__INFORMATION SHOWN__.

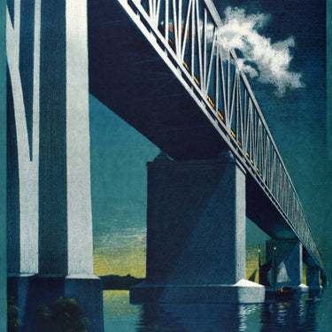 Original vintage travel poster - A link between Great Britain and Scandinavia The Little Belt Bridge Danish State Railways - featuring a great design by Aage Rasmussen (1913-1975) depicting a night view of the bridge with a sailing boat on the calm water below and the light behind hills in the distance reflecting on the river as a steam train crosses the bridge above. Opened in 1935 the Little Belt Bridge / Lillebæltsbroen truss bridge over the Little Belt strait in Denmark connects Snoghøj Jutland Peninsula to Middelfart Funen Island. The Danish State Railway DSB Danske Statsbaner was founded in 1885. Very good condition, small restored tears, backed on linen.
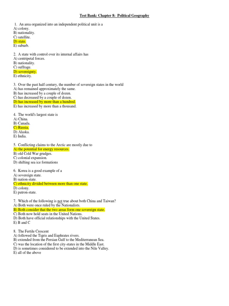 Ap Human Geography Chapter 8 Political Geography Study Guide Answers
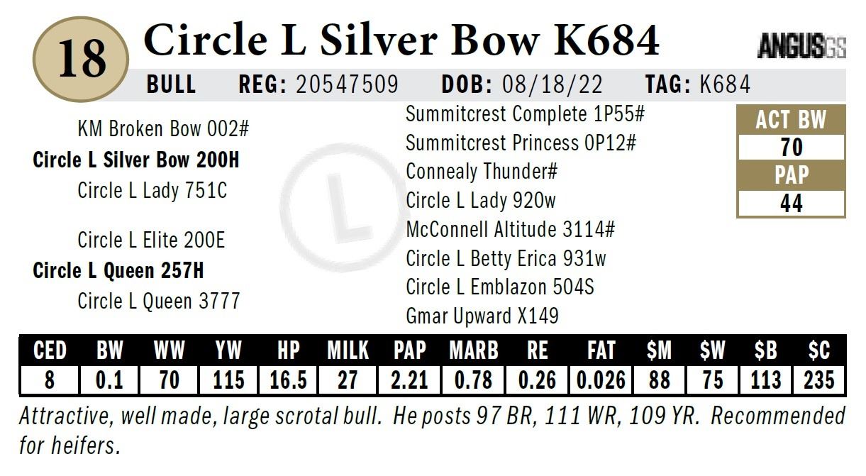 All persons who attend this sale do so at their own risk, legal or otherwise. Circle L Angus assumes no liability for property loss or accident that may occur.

__HOW TO COMPLETE THIS TASK__. Omit the pictures and output all of the other material exactly.

__TASK OUTPUT__.
 Original vintage travel poster - A link between Great Britain and Scandinavia The Little Belt Bridge Danish State Railways - featuring a great design by Aage Rasmussen (1913-1975) depicting a night view of the bridge with a sailing boat on the calm water below and the light behind hills in the distance reflecting on the river as a steam train crosses the bridge above. Opened in 1935 the Little Belt Bridge / Lillebæltsbroen truss bridge over the Little Belt strait in Denmark connects Snoghøj Jutland Peninsula to Middelfart Funen Island. The Danish State Railway DSB Danske Statsbaner was founded in 1885. Very good condition, small restored tears, backed on linen.
 Ap Human Geography Chapter 8 Political Geography Study Guide Answers
 All persons who attend this sale do so at their own risk, legal or otherwise. Circle L Angus assumes no liability for property loss or accident that may occur.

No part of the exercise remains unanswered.